Mayor Marcelo Ebrard has given Mexico's capital – once infamous for its pollution, lawlessness, and general chaos – new appeal thanks to environmental and civic programs.
Jose Guadalupe Gonzalez walks among giant paper-mache renderings of fantastical dragons and serpents, called alebrijes, with his wife and two teenage daughters in the middle of Mexico City’s Zocalo to celebrate Day of the Dead. Later, the family considered catching a play for free, also in the main plaza, or strolling along the nearby, new pedestrian streets of downtown Mexico.
In the winter the Gonzalez family goes ice-skating in the same spot. And on Sundays, any time of the year, they can hop on free bicycles and ride along Reforma, the city's most icononic thoroughfare.
In many ways, Mr. Gonzalez says his native city is an unrecognizable place, having transformed under leftist administrations and particularly the city’s outgoing Mayor Marcelo Ebrard, who has become an international star of sorts among the municipal set.
“Before the lower classes did not have access to these leisure activities," says Gonzalez, a retired mechanic.
Mayor Ebrard steps down on Dec. 5 with wide approval ratings over his six-year administration, which has changed Mexico City both on the surface and in ways much deeper. For starters, Mexico City simply looks different. There are all-women buses that circulate the city and newly paved bike paths traversed by men in suits commuting to work.

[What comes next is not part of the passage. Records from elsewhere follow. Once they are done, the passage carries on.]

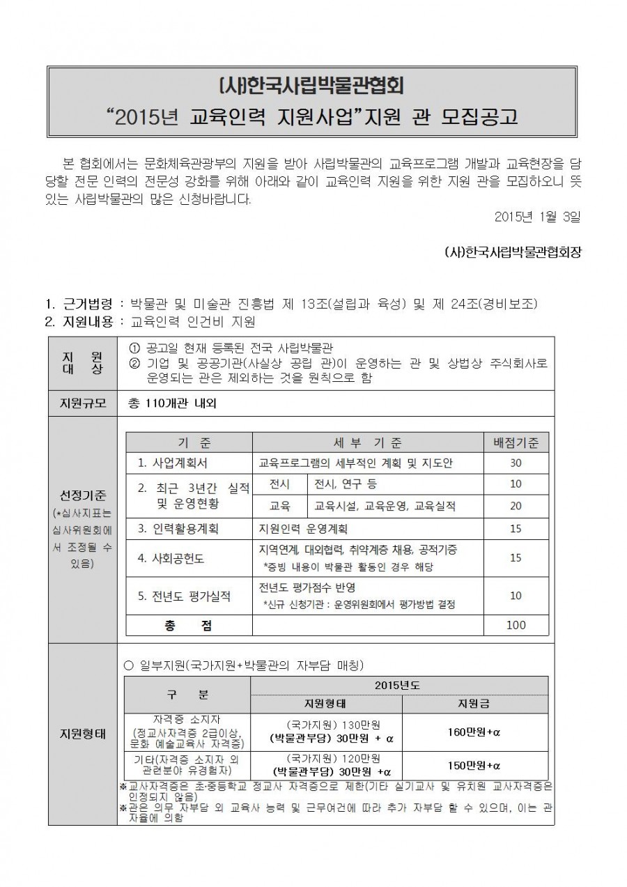 2015년 교육인력 지원사업”지원 관 모집공고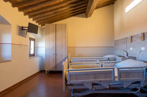 Gli ampi spazi, la palestra, il terrazzo offrono un piacevole soggiorno. L’ RSA è ubicata a poche decine di metri dal Santuario di Montenero e su una collina con un meraviglioso paesaggio.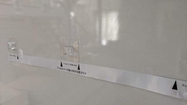 まずは同封の用紙を壁に仮止めし、印に合わせてフィルムフックを壁に3カ所付けて、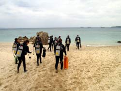 はいはーい!ども、りょーけんでっす。今日は体験ダイビングに行ってきました〜!今回のゲストは井畑さん、長瀬さん、瀬波さん、辻さん、伊藤さん、平山さん、木下さんの7名!!このメンバーで海の中を遊びまわってきました〜。ちょっと耳抜きが苦手な感じの人もいましたが、無事全員水中で集合することができましたね!クマノミを見に行ったり、ナマコで遊んだりした後魚に餌付けもやりましたね。今回みんなからコメントをいただいているので掲載します。 井畑さん:楽しかったです!!さむい!!でも楽しかったです。 長瀬さん:初めてのダイビングでしたが、とても楽しく参加させて頂きました。とてもキレイな海の景色に大満足です。 瀬波さん:めちゃくちゃ楽しかったです!寒い!気づいたらナマコやらヒトデが付いててびっくりしました。 辻さん:初めてのダイビング体験をここでできてよかったです。とても丁寧に教えていただいてめっちゃよかった。」ダイバーさんも面白くて楽しかった。また、したいと思えました。沖縄のうみめっさキレイ。 伊藤さん:すっごく楽しかったです。こんなにすぐ出来るとは思ってなかったので、体験で来てよかったです。インストラクターさんたちみんな優しいし、面白くてよかった!!より楽しめました。でもサムイー!!次は夏に☆ 平山さん:めーっちゃきれいで感動しました!リアルにも感激!!インストラクターさんたちも親切で、安心して初ダイビング楽しめました!! 木下さん:ほんまめっちゃ楽しかったです。沖縄の 海&人ステキ!サイコー!また絶対きます!! 今日はありがとうございました。次はあっつい夏に潜りに着てくれるのを待ってますよ〜!! |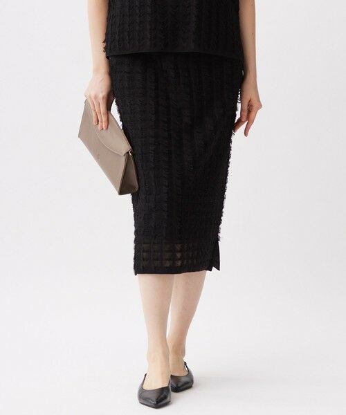 スタイリングのアクセントになるカットジャカードスカート■デザイン表情のある素材が華やかなIラインスカートです。程よくゆとりを持たせたIラインシルエットで、スタイリングが軽くなる夏に向けて華やかさを添えてくれるアイテムです。ニットなのでストレッチ性があり、イージーに着て頂けるのもポイントです。同素材のニット(KRWMGA0054)とセットアップとして着て頂くのもおすすめです。■素材シアー感とハリ感のある素材をベースに、コットンポリエステルの糸をカットジャカードでフリンジ調に施した素材です。デザイン性が高いのでインパクトがあり、涼しげで夏らしい素材です。■同素材アイテムニット(KRWMGA0054)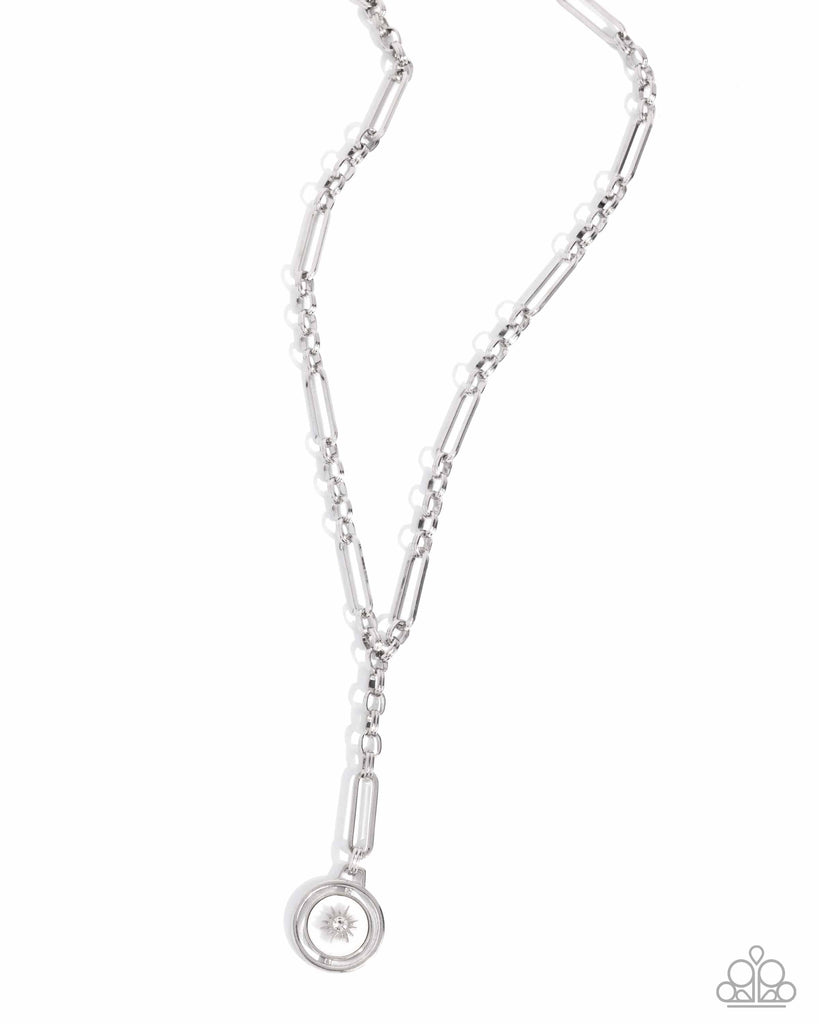Doubled collections of silver rings connect to elongated silver paperclip chain links as they extend below the collar in a y-shaped arrangement. Featuring a white rhinestone center, a three-dimensional dainty silver star rests atop a white shell pressed in a silver frame that effortlessly spins inside a larger silver circle frame, threaded along a dainty silver rod, extending from the center of the design for a cosmically coastal finish. Features an adjustable clasp closure.

Perhaps the most important changes have taken place under the surface, via new laws, climate action, and violence-combating plans. Abortion was legalized in 2007, as was gay marriage in 2010, and later gay adoption. Mexico City has been at the vanguard of ecological change, and has also been transformed by the things one no longer sees: It’s now perceived as one of the safest places in Mexico.